Только и всего, говорил нам в школе учитель физики, объясняя какой-нибудь мудреный закон. Он был высок, полон, у него были пышные усы. Когда он говорил «только и всего», глаза его торжествующе сияли, словно это он собственноручно открыл все законы, а усы победно топорщились. Восторг его был так чист и заразителен, что даже самые заядлые шалопаи любили его уроки. Кроме, пожалуй, одного Юрия Шухмина. Нет, мне тоже нравилось слушать его и смотреть на победное шевеление усов, но не настолько, наверное, чтобы вылезти из кокона какой-то патологической неизбывной лени. Только и всего.

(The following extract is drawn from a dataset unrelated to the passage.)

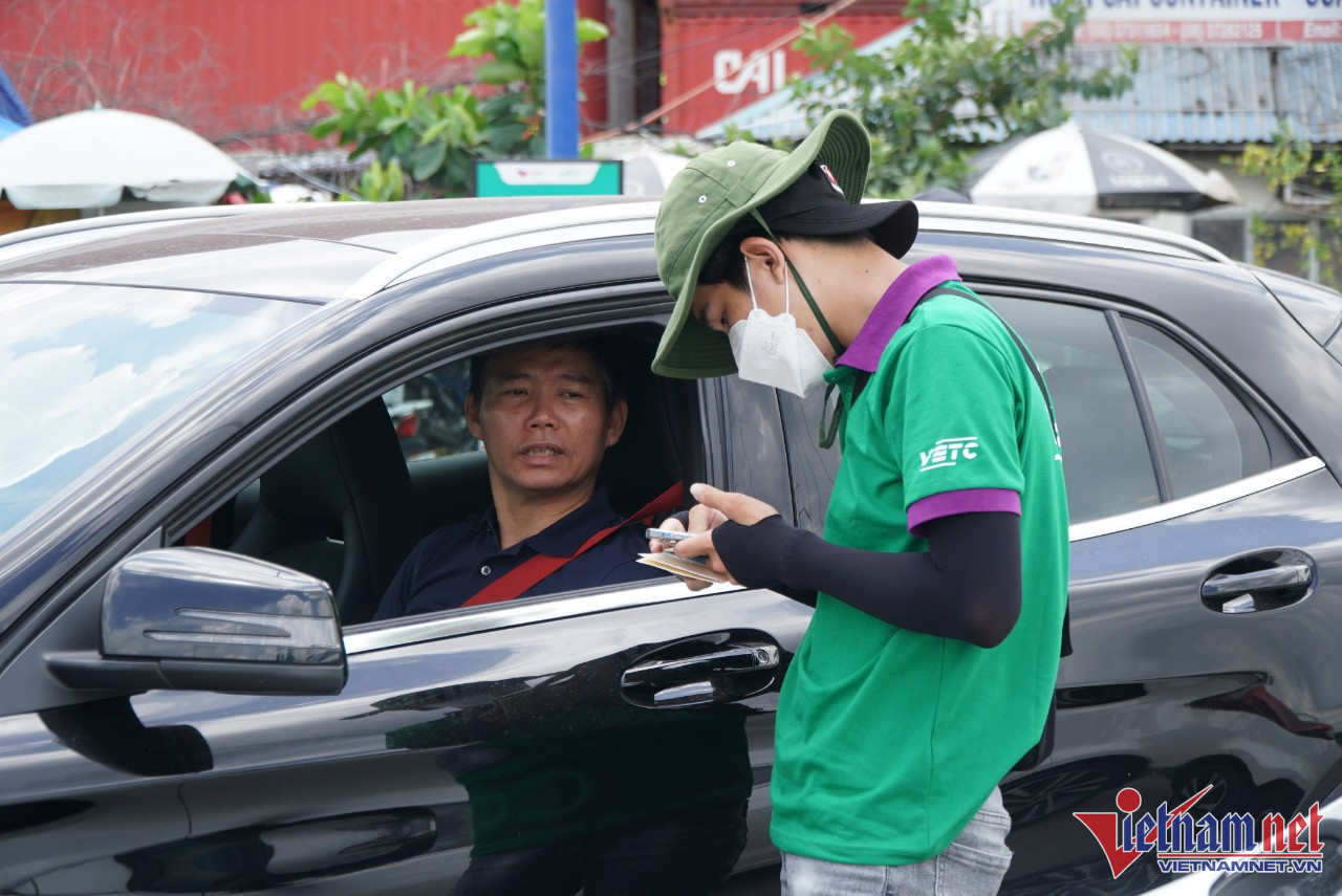 Riêng cao tốc TP.HCM - Long Thành - Dầu Giây, những ngày qua cũng được bố trí các điểm dán gần trạm thu phí, điểm ra vào, mỗi ngày hơn 3.000 thẻ. Có thời điểm ô tô đậu hàng dài trước trạm thu phí cao tốc để chờ dán thẻ đã gây cản trở giao thông.

Только и всего. Спасти эллов от гибели. Здравствуйте, буду представляться я дома, Юрий Шухмин, спаситель цивилизаций, к вашим услугам.
У меня всегда была привычка окружать себя в трудную минуту частоколом болтовни. И ничего я с этой привычкой поделать не могу. Но сейчас мне нужен был не частокол, а целые оборонительные фортификации, чтобы не завыть волком от отчаяния. Вас бы сюда, уважаемые члены Космического Совета, попробовал было я распалить себя, но знал, что не смогу распалиться. Они честно рассказали мне все, что знали. Ни один не уговаривал меня. Скорее отговаривали.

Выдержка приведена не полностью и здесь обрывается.